The reality is a whole lot more complex, as scientists are learning at the Shafter Cotton Research Station north of Bakersfield.
For example, they’re trying to find non-native parasites that can survive in the San Joaquin Valley and kill aphids that thrive in cotton fields.
“We have found parasites that kill aphids year-round,” says Kris Godfrey, a state Food and Agriculture researcher. “Now, we’re testing species to see which are compatible in our area.”
Rising pesticide costs and two recent bad pest years have contributed to declining profit for cotton and caused growers to increase rotations with such crops as seed alfalfa, tomatoes, melons, sugar beets and other vegetables, said Dan Munk, cotton farm advisor for Fresno County.

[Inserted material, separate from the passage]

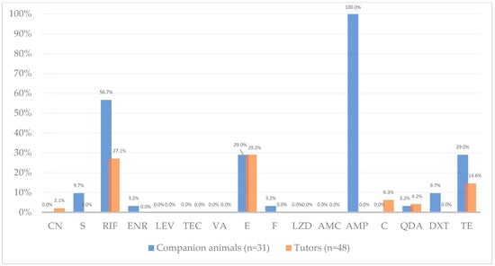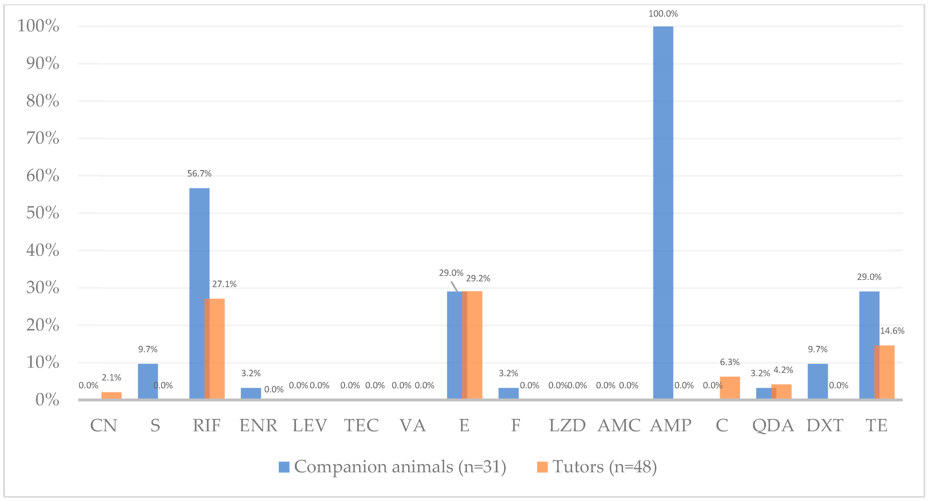 Antimicrobial resistance frequency (%) among Enterococcus from companion animals (blue, n = 31 isolates) and their human tutors (orange, n = 48 isolates). Percentages refer to proportions of isolates resistant to each antibiotic; exact counts are reported in Table 2. Antibiotics tested, by alphabetic order of classes: CN—gentamicin, S—streptomycin, RIF—rifampicin, ENR—enrofloxacin, LEV—levofloxacin, TEC—teicoplanin, VA—vancomycin, E—erythromycin, F—nitrofurantoin, LZD—linezolid, AMC—amoxicillin-clavulanic acid, AMP—ampicillin, C—chloramphenicol, QDA—quinupristin-dalfopristin, DXT—doxycycline, TE—tetracycline. Note: QDA resistance results exclude E. faecalis as this species is intrinsically resistant to this antibiotic.

The Shafter research is pinpointing two species of tiny wasps. One type imported from Florida is just 1 1/2 millimeters long; the other from Japan is 2 millimeters long.
Tests of those wasps last year were inconclusive, says Godfrey. She ran into a perplexing problem this spring.
“We can’t find them,” she says. “Maybe they don’t like the San Joaquin Valley or they survived [winter] in only small numbers.”
John McLaughlin of the U.S. Department of Agriculture says the imported wasps may just be taking a long time adjusting to California’s climate.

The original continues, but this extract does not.